[Instructions for the task]:
Please give back each line below unchanged; none of the pictures should appear.

[Data extract]:
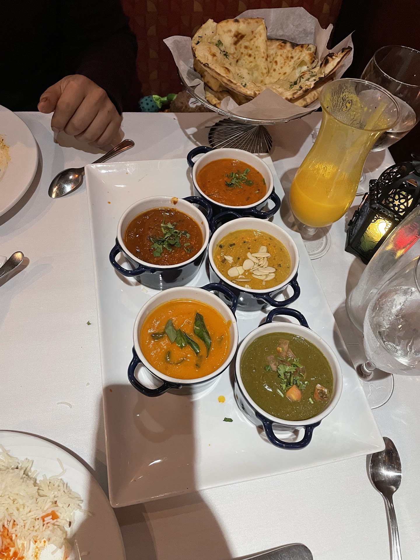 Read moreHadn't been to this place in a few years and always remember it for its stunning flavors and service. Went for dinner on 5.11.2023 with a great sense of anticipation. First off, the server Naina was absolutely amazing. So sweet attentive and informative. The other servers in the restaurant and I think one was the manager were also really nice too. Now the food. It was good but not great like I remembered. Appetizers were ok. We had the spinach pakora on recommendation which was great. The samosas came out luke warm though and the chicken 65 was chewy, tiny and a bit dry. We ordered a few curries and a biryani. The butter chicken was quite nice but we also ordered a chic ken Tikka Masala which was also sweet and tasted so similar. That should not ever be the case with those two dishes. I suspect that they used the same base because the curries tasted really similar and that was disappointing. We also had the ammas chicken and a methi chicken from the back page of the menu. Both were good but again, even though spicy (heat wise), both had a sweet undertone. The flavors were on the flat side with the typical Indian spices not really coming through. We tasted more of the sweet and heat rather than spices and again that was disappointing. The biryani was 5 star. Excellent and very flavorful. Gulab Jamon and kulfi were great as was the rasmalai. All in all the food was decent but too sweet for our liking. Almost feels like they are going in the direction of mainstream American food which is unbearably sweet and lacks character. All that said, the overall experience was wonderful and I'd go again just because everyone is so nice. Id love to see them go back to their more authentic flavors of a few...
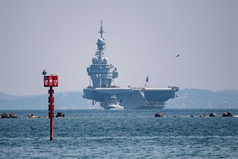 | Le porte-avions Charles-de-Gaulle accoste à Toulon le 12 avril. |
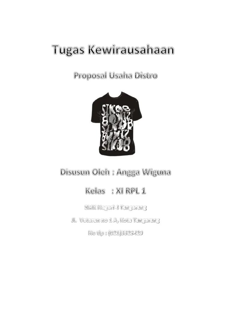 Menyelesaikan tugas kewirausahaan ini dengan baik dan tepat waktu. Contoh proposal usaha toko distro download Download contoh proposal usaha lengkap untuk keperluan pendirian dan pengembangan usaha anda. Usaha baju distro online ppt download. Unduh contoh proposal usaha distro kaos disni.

[Task result]:
 Read moreHadn't been to this place in a few years and always remember it for its stunning flavors and service. Went for dinner on 5.11.2023 with a great sense of anticipation. First off, the server Naina was absolutely amazing. So sweet attentive and informative. The other servers in the restaurant and I think one was the manager were also really nice too. Now the food. It was good but not great like I remembered. Appetizers were ok. We had the spinach pakora on recommendation which was great. The samosas came out luke warm though and the chicken 65 was chewy, tiny and a bit dry. We ordered a few curries and a biryani. The butter chicken was quite nice but we also ordered a chic ken Tikka Masala which was also sweet and tasted so similar. That should not ever be the case with those two dishes. I suspect that they used the same base because the curries tasted really similar and that was disappointing. We also had the ammas chicken and a methi chicken from the back page of the menu. Both were good but again, even though spicy (heat wise), both had a sweet undertone. The flavors were on the flat side with the typical Indian spices not really coming through. We tasted more of the sweet and heat rather than spices and again that was disappointing. The biryani was 5 star. Excellent and very flavorful. Gulab Jamon and kulfi were great as was the rasmalai. All in all the food was decent but too sweet for our liking. Almost feels like they are going in the direction of mainstream American food which is unbearably sweet and lacks character. All that said, the overall experience was wonderful and I'd go again just because everyone is so nice. Id love to see them go back to their more authentic flavors of a few...
 | Le porte-avions Charles-de-Gaulle accoste à Toulon le 12 avril. |
 Menyelesaikan tugas kewirausahaan ini dengan baik dan tepat waktu. Contoh proposal usaha toko distro download Download contoh proposal usaha lengkap untuk keperluan pendirian dan pengembangan usaha anda. Usaha baju distro online ppt download. Unduh contoh proposal usaha distro kaos disni.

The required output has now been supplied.